In This Article:
As an investor its worth striving to ensure your overall portfolio beats the market average. But the risk of stock picking is that you will likely buy under-performing companies. We regret to report that long term Koradior Holdings Limited (HKG:3709) shareholders have had that experience, with the share price dropping 28% in three years, versus a market return of about 41%. There was little comfort for shareholders in the last week as the price declined a further 1.7%.
See our latest analysis for Koradior Holdings
To paraphrase Benjamin Graham: Over the short term the market is a voting machine, but over the long term it's a weighing machine. One imperfect but simple way to consider how the market perception of a company has shifted is to compare the change in the earnings per share (EPS) with the share price movement.
Although the share price is down over three years, Koradior Holdings actually managed to grow EPS by 12% per year in that time. Given the share price reaction, one might suspect that EPS is not a good guide to the business performance during the period (perhaps due to a one-off loss or gain). Or else the company was over-hyped in the past, and so its growth has disappointed. It's worth taking a look at other metrics, because the EPS growth doesn't seem to match with the falling share price.
Revenue is actually up 25% over the three years, so the share price drop doesn't seem to hinge on revenue, either. It's probably worht worth investigating Koradior Holdings further; while we may be missing something on this analysis, there might also be an opportunity.
Depicted in the graphic below, you'll see revenue and earnings over time. If you want more detail, you can click on the chart itself.

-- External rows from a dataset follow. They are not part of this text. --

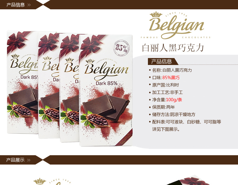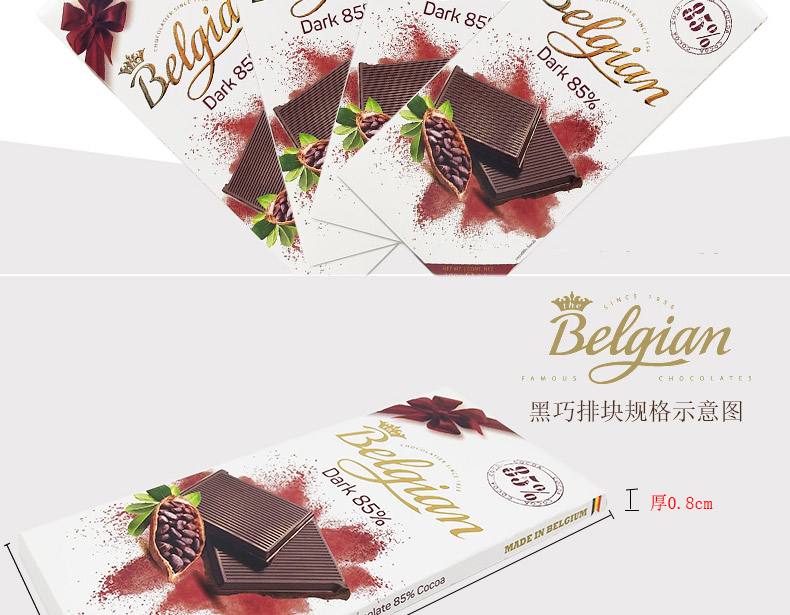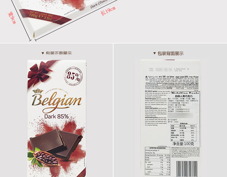 比利时白丽人黑巧克力系列100g 85%/90% 来自比利时的丝滑美味 042303/042304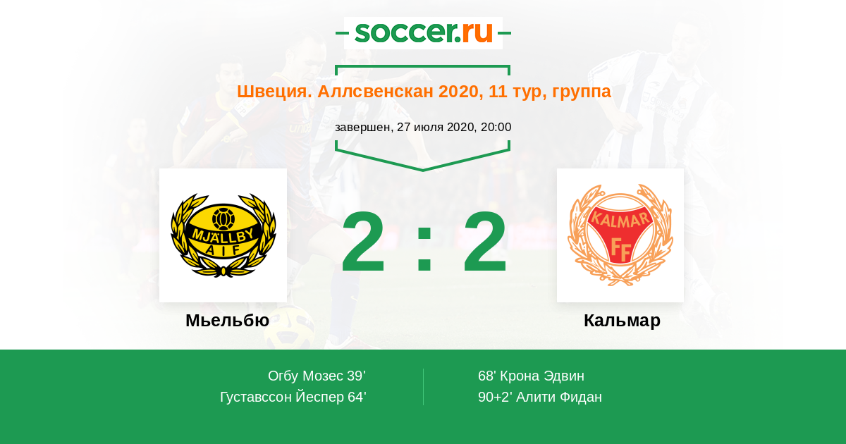Швеция. Аллсвенскан 24.08.2020 Кальмар Логотип футбольный клуб Кальмар 1:4 Логотип футбольный клуб Мьельбю (Сельвесборг) Мьельбю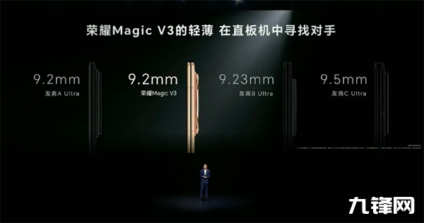 在外觀上,這次的榮耀Magic V3折疊后只有9.2mm,比上一代9.9mm的厚度又減少了0.7mm,刷新了折疊手機(jī)的厚度紀(jì)錄,這一厚度不僅遠(yuǎn)超市場(chǎng)上的其他競(jìng)爭(zhēng)對(duì)手,如三星和小米,成為目前市面上最薄的折疊手機(jī)之一。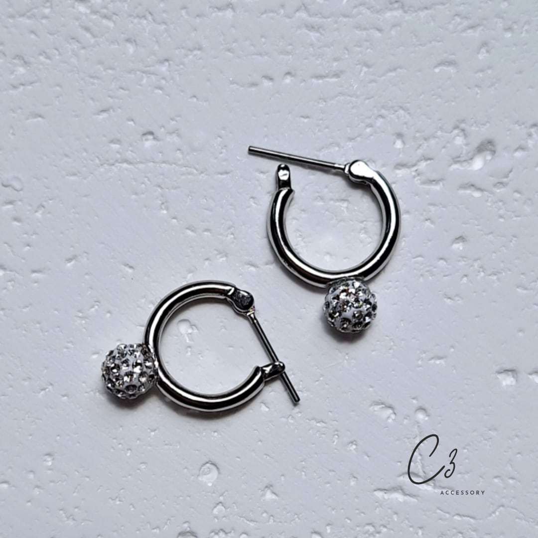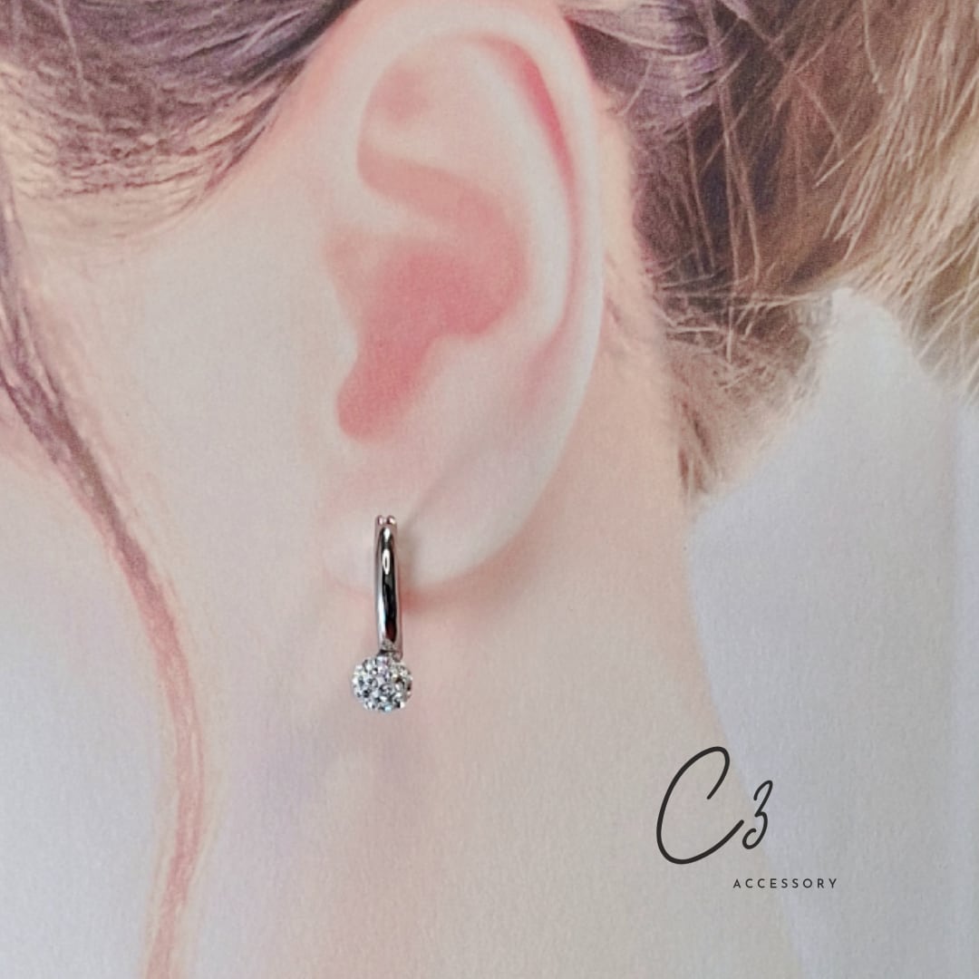 ワンタッチで装着できるフープピアスです。シルバーのシンプルなボディに細やかな光を放つパヴェボールが、クールな印象です。小ぶりながらも、ボール部分に散りばめられたストーンが光りを受けて繊細に煌めき、耳元にさりげない華やかさをプラスしてくれます。甘さと上品さを併せ持った魅力的なピアスです。ビジネスシーンでもおでかけにも、どんなスタイルにもしっくり馴染みます。デイリーにもおすすめです。軽やかな着け心地と洗練されたデザインで、大人の女性の魅力を引き立てます。

It's probably worth noting that the CEO is paid less than the median at similar sized companies. But while CEO remuneration is always worth checking, the really important question is whether the company can grow earnings going forward. This free interactive report on Koradior Holdings's earnings, revenue and cash flow is a great place to start, if you want to investigate the stock further.
What About Dividends?
It is important to consider the total shareholder return, as well as the share price return, for any given stock. The TSR incorporates the value of any spin-offs or discounted capital raisings, along with any dividends, based on the assumption that the dividends are reinvested. It's fair to say that the TSR gives a more complete picture for stocks that pay a dividend. We note that for Koradior Holdings the TSR over the last 3 years was -24%, which is better than the share price return mentioned above. This is largely a result of its dividend payments!